Foul ball and dinger retrieval rights shouldn’t necessarily be decided by merit. The most qualified person in a given section to score a game ball is generally going to be an adult with a baseball glove and a disconcertingly high threshold for self-humiliation. By contrast, the least qualified person to retrieve a loose game ball will be a small child. It turns out we’ve all kind of settled on personal significance as the deciding factor—possession of a game ball should mean more to a child, therefore game balls should be given to children, even though they are weak and frail and utterly incapable of bagging their own.
But there are plenty of instances where a game ball makes its way into a section where there are no children around, and otherwise respectable adults abandon all pretense of dignity and become ravening beasts, fighting tooth and nail for baseballs that can be purchased for $13 at the nearest big box retailer. Witness the madness that ensued in Oakland Wednesday, when a foul ball off the bat of César Puello found its way into a sparsely filled lower section along the right field line:
The victor in this grim competition was a woman in a baseball cap, whose pursuit amounted to taking two steps out into the aisle, walking down two rows, and waiting for the ball to squirt past the searching hands of another man engaged in the hunt. I submit that all of these people lost something in this pursuit, but no one lost more than the man in the white cap and red socks, who leapt over several rows, threw away his baseball glove, and body surfed over another four rows before ultimately coming away empty-handed, and I’m sure very bruised-up and sore.
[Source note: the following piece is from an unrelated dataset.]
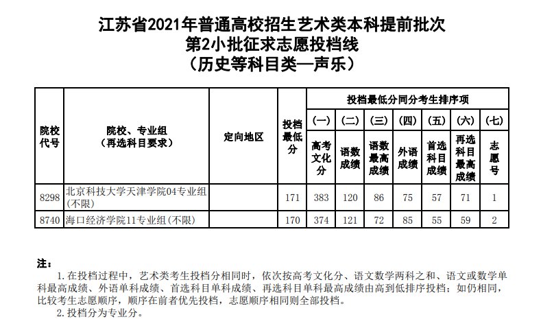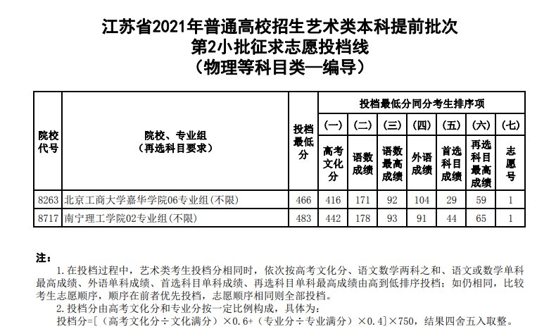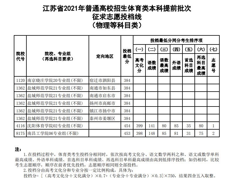 2021年江苏高考体育类和艺术类提前批次征求志愿投档线一览

I have to admit, I’m a little bit torn about the fairness of this outcome! I don’t know if red socks man exactly deserved the foul ball, but he certainly put vastly more effort into retrieving it, and paid the highest price for his pursuit. On the other hand, as an adult man who brought a glove to a professional baseball game and threw himself wildly down half a section in pursuit of a damn foul ball, perhaps he deserved it less than anyone? I think if I’d been sitting in that section and the ball had come to me, I would’ve automatically given it to this poor battered fellow, out of shock and pity and horror over how much it evidently meant to him. Or would that have embarrassed him even further? There are no easy answers when adults care way too much about getting their hands on a lousy foul ball.